Retype, exactly and with nothing added, the lines from the one showing "BambergPositiver Trend hält" through the final line of the material. Omit pictures.

DATA EXTRACT
##########

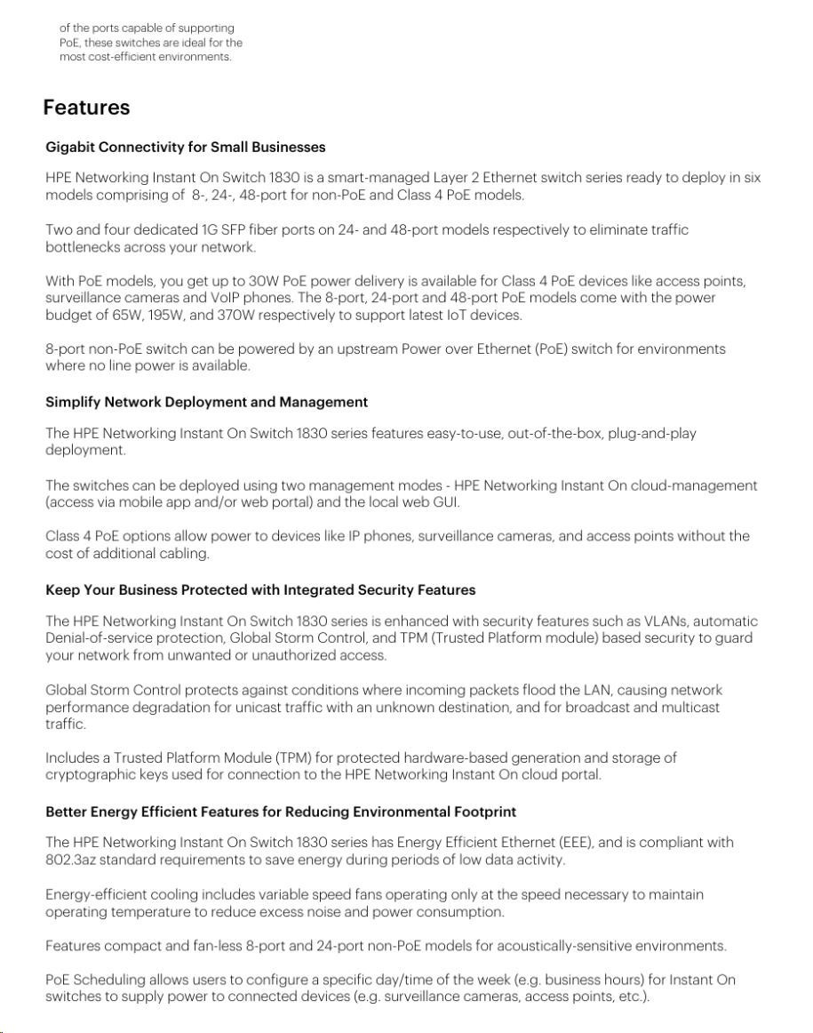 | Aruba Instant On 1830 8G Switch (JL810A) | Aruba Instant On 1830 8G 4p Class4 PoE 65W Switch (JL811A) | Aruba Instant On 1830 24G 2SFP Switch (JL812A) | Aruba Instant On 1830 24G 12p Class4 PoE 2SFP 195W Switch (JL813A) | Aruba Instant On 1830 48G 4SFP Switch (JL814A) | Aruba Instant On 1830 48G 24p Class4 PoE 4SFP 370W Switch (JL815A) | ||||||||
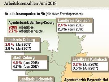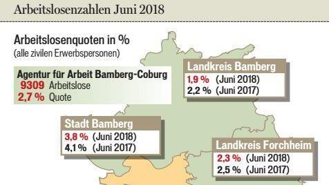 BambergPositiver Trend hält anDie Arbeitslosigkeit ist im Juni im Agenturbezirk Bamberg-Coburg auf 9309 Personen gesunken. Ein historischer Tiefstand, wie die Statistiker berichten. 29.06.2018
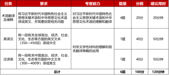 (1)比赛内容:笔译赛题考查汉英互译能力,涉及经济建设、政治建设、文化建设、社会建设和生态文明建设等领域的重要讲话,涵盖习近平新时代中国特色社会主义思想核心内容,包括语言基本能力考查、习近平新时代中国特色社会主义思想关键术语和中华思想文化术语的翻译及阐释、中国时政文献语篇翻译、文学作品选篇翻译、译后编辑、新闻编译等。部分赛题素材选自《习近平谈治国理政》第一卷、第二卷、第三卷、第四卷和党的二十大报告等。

##########

WRITTEN ANSWER
 BambergPositiver Trend hält anDie Arbeitslosigkeit ist im Juni im Agenturbezirk Bamberg-Coburg auf 9309 Personen gesunken. Ein historischer Tiefstand, wie die Statistiker berichten. 29.06.2018
 (1)比赛内容:笔译赛题考查汉英互译能力,涉及经济建设、政治建设、文化建设、社会建设和生态文明建设等领域的重要讲话,涵盖习近平新时代中国特色社会主义思想核心内容,包括语言基本能力考查、习近平新时代中国特色社会主义思想关键术语和中华思想文化术语的翻译及阐释、中国时政文献语篇翻译、文学作品选篇翻译、译后编辑、新闻编译等。部分赛题素材选自《习近平谈治国理政》第一卷、第二卷、第三卷、第四卷和党的二十大报告等。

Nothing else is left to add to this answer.